The Krylon black satin is good paint and makes a great looking engine. To my eye that paint has slightly more gloss than factory, but that is just my personal opinion. The paint that precisely matched the Gilbert factory paint was by Krylon and labeled Semi-Flat black.Unfortunately Krylon discontinued that color. After some experimentation I settled on a high temperature spray paint made for restoring BBQ grills. Found it in a local TruValue Hardware. However some may think this paint does not have enough sheen.


----------



## AmFlyer

I have posted these pictures before but thought with new MTF members I would repost them. The engine on the right is a LN condition 295 with untouched factory paint. The engine on the left is a 290 I resprayed with the out of production semi flat black. You can see these are exact matches but there is very little sheen. The high temp grill paint looks like this. The second picture is the resprayed 290.
It is also important to note that newer versions of the Hudsons and Northerns had a higher sheen factory finish than the older engines. So the Krylon Black Satin is a much closer match for those later production engines.


----------



## mopac

Great looking engines Tom. Yes, I have seen them before , but I can always look at nice
locomotives,


----------



## AmFlyerFan

mopac said:


> Great looking engines Tom. Yes, I have seen them before , but I can always look at nice
> locomotives,


Me too.

That Krylon paint works equally well on plastic & diecast body parts? I have a tinplate tender that could use a new coat.
Homer T.


----------



## mopac

It does work well on plastic. I painted some cheap HO coal hoppers with it. They look great.
Much better than the original molded plastic colors. They look like metal hoppers now. These
are cheap Tyco, Bachmann, Life Like hoppers. Going with new trucks, metal wheels, and couplers.


----------



## AmFlyerFan

That's what I thought. Thanx.
I'll have to check the garage, I just might have some out there.
Homer T.


----------



## AFGP9

AmFlyer said:


> The Krylon black satin is good paint and makes a great looking engine. To my eye that paint has slightly more gloss than factory, but that is just my personal opinion. The paint that precisely matched the Gilbert factory paint was by Krylon and labeled Semi-Flat black.Unfortunately Krylon discontinued that color. After some experimentation I settled on a high temperature spray paint made for restoring BBQ grills. Found it in a local TruValue Hardware. However some may think this paint does not have enough sheen.


Tom I have always preferred the Krylon Semi-Black too since it does matches the Gilbert black shade as you say. I did not know it was discontinued. Glad I still have 2 cans left. However, I do have some car engine header black paint that is a match for the Krylon Semi-Black. The brand is DupliColor.

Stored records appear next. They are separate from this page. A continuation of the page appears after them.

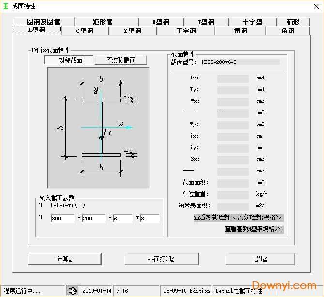 目前可以计算的截面:H型钢、C型钢、Z型钢、工字钢、槽钢、角钢、圆钢和圆管、矩形管。
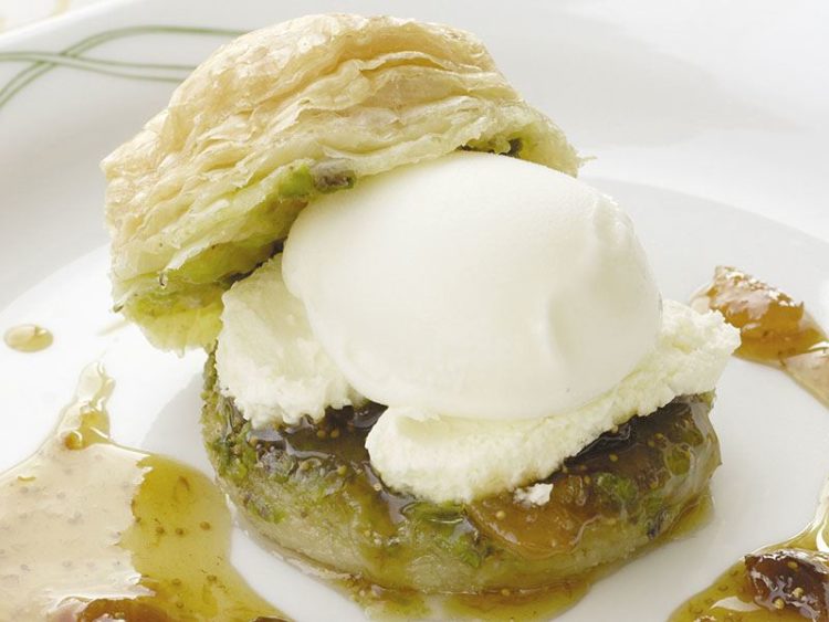 Kuru baklavayı servis tabağına alıp ortasını açın..
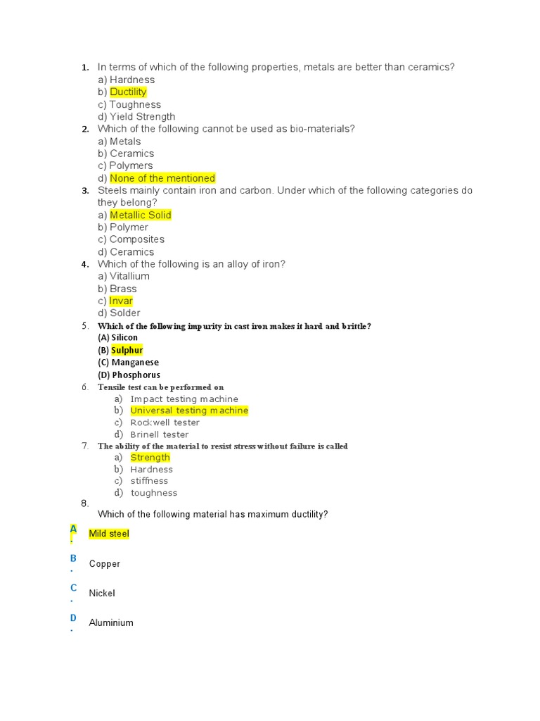 3. Steels mainly contain iron and carbon. Under which of the following categories do
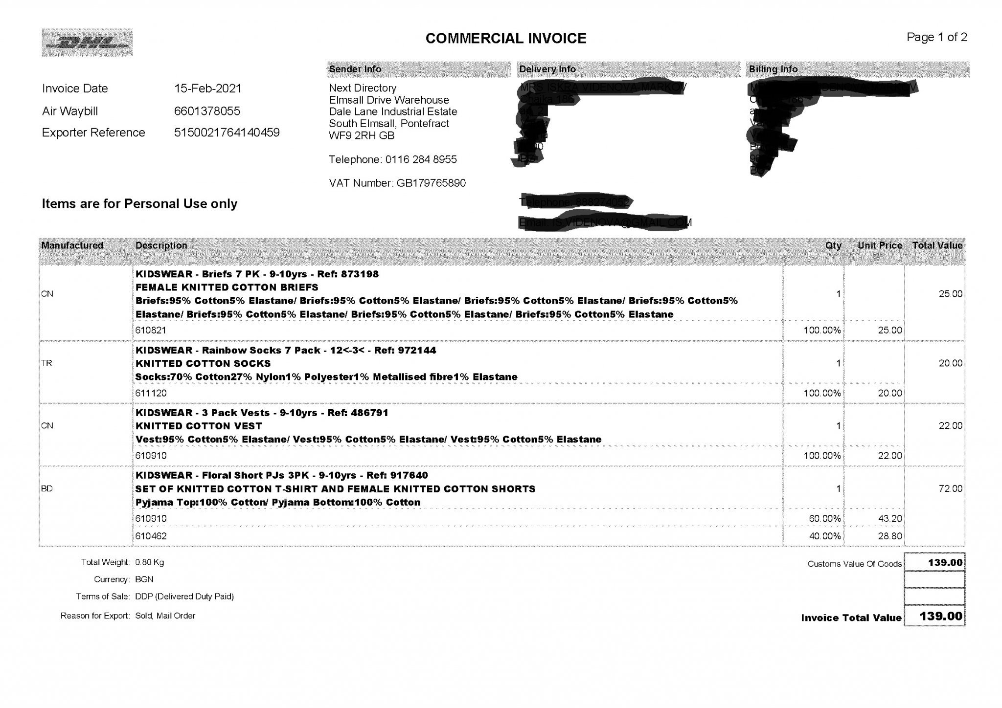 Доставките на NEXT се извършват с DHL, които не работят през уикенда. При получаване на SMS за доставка клиентите могат да зададат удобен ден за доставка чрез предоставения линк. Обикновено пратките пристигат в рамките на 3-4 работни дни. За избягване на доставка през почивния ден клиентите могат да изберат удобен работен ден за доставка.

Probably similar in color to the BBQ grill paint since both are high temp. 

Kenny


----------



## kvlazer22

AFGP9 said:


> Tom I have always preferred the Krylon Semi-Black too since it does matches the Gilbert black shade as you say. I did not know it was discontinued.


Kenny, I believe Tom meant that Kylon Semi-Flat Black was discontinued. The Kylon Satin Black is still available. I just bought a can last week at Home Depot.


----------



## AmFlyerFan

On a respray, how do you protect decals? Did I read here somewhere that a small covering of Vaseline works best? Or tape?
I'm afraid to try tape, it might lift the decal.


----------



## AmFlyer

AmFlyerFan, I used Vaseline to protect the factory number and letter stampings when i resprayed the 290. It works well if there is no black paint damage in the area of the stampings.
I am no longer able to buy the Semi Flat black Krylon paint in any store here in California. It is possible that the new California regs are the issue and it might still be available elsewhere. I have the same problem with some other chemical products. The Satin Black is still available.


----------



## AFGP9

kvlazer22 said:


> Kenny, I believe Tom meant that Kylon Semi-Flat Black was discontinued. The Kylon Satin Black is still available. I just bought a can last week at Home Depot.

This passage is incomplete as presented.